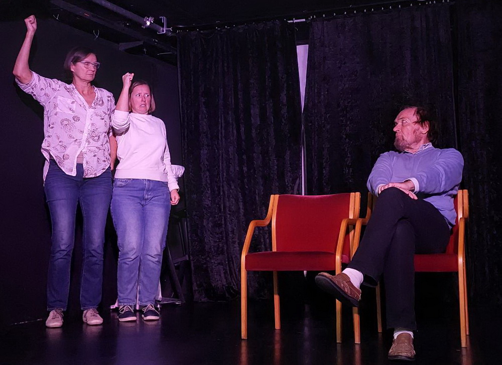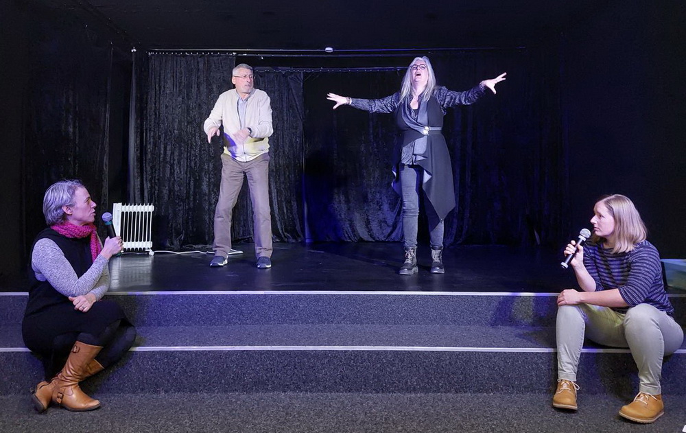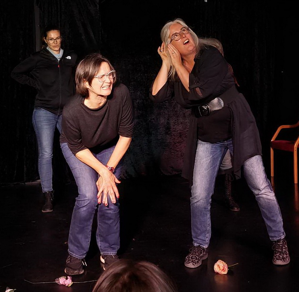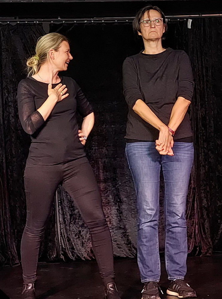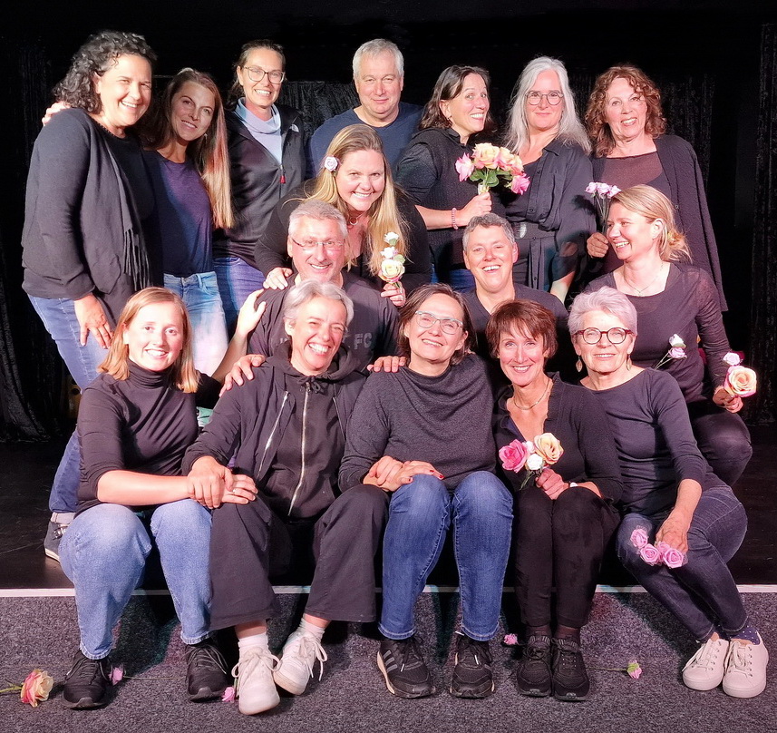 Wir, 17 Männer und Frauen, führen uns seit 2019 regelmäßig auf – ausgestattet mit nichts als Fantasie, dem Mut zu scheitern und einem verdammt guten Teamgefühl. Jede Szene, jede Geschichte, jeder Charakter entsteht live – aus dem Moment, mit dem Input aus dem Publikum.
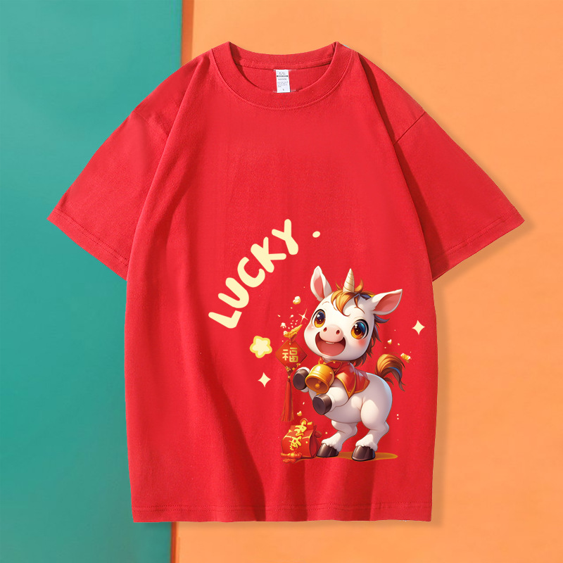 马年红色本命年亲子装短袖一家三四口过年喜庆活动聚会母女装t恤
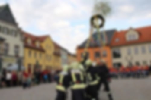 Am 30.April knüpfen die Kameradinnen der Frauenabteilung den Kranz und binden bunte Bänder um das frische Grün. Mitglieder der Jugendfeuerwehr und starke Männer der Einsatzabteilung tragen feierlich den Maibaum auf den Marktplatz. Viele Menschen begleiten diese Zeremonie, die durch wechselnde Musikanten aus der Region begleitet wird.
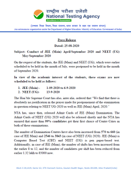 #JEEMain की परीक्षा 1 से 6 सितंबर के बीच और #NEET की परीक्षा 13 सितंबर को होगी आयोजित
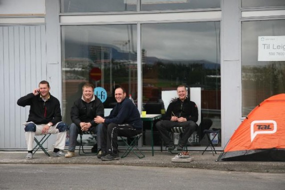 Hópur manna hafði safnast saman og beðið utan við klippibúlluna allt frá því kvöldið áður með von um að vera fyrstir til að ná sér í klippingu hjá mótorhjólatöffaranum Hrólfi.
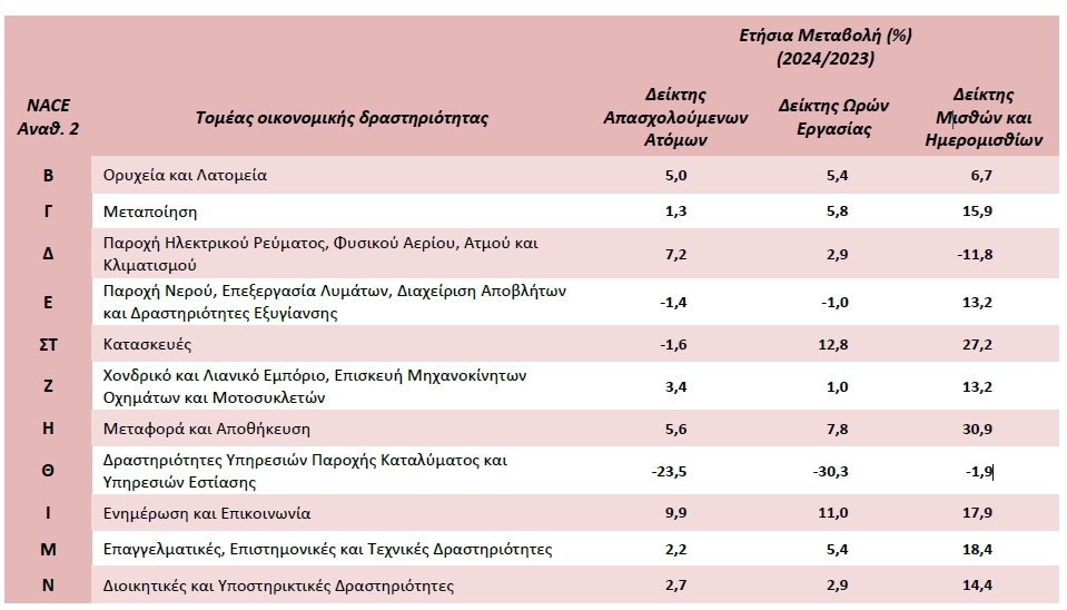 Σημαντική αύξηση καταγράφουν το β' τρίμηνο οι δείκτες απασχόλησης και μισθών σε τομείς της οικονομίας που αναπτύσσονται ραγδαία, όπως οι κατασκευές και η μεταφορά-αποθήκευση, ενώ στο αντίποδα, στις υπηρεσίες παροχής καταλύματος και στην εστίαση υποχώρησαν απεικονίζοντας την εποχικότητα του κλάδου. Στο σύνολο της οικονομίας ο δείκτης μισθών και ημερομισθίων σημείωσε αύξηση 13,2% το β' τρίμηνο σε σχέση με το αντίστοιχο πέρυσι.
_ _ _ _ _ _ _
- [What to work on]
Retype the listing above exactly. Pictures are not part of the copy.

- [Solution to the exercise]
 Wir, 17 Männer und Frauen, führen uns seit 2019 regelmäßig auf – ausgestattet mit nichts als Fantasie, dem Mut zu scheitern und einem verdammt guten Teamgefühl. Jede Szene, jede Geschichte, jeder Charakter entsteht live – aus dem Moment, mit dem Input aus dem Publikum.
 马年红色本命年亲子装短袖一家三四口过年喜庆活动聚会母女装t恤
 Am 30.April knüpfen die Kameradinnen der Frauenabteilung den Kranz und binden bunte Bänder um das frische Grün. Mitglieder der Jugendfeuerwehr und starke Männer der Einsatzabteilung tragen feierlich den Maibaum auf den Marktplatz. Viele Menschen begleiten diese Zeremonie, die durch wechselnde Musikanten aus der Region begleitet wird.
 #JEEMain की परीक्षा 1 से 6 सितंबर के बीच और #NEET की परीक्षा 13 सितंबर को होगी आयोजित
 Hópur manna hafði safnast saman og beðið utan við klippibúlluna allt frá því kvöldið áður með von um að vera fyrstir til að ná sér í klippingu hjá mótorhjólatöffaranum Hrólfi.
 Σημαντική αύξηση καταγράφουν το β' τρίμηνο οι δείκτες απασχόλησης και μισθών σε τομείς της οικονομίας που αναπτύσσονται ραγδαία, όπως οι κατασκευές και η μεταφορά-αποθήκευση, ενώ στο αντίποδα, στις υπηρεσίες παροχής καταλύματος και στην εστίαση υποχώρησαν απεικονίζοντας την εποχικότητα του κλάδου. Στο σύνολο της οικονομίας ο δείκτης μισθών και ημερομισθίων σημείωσε αύξηση 13,2% το β' τρίμηνο σε σχέση με το αντίστοιχο πέρυσι.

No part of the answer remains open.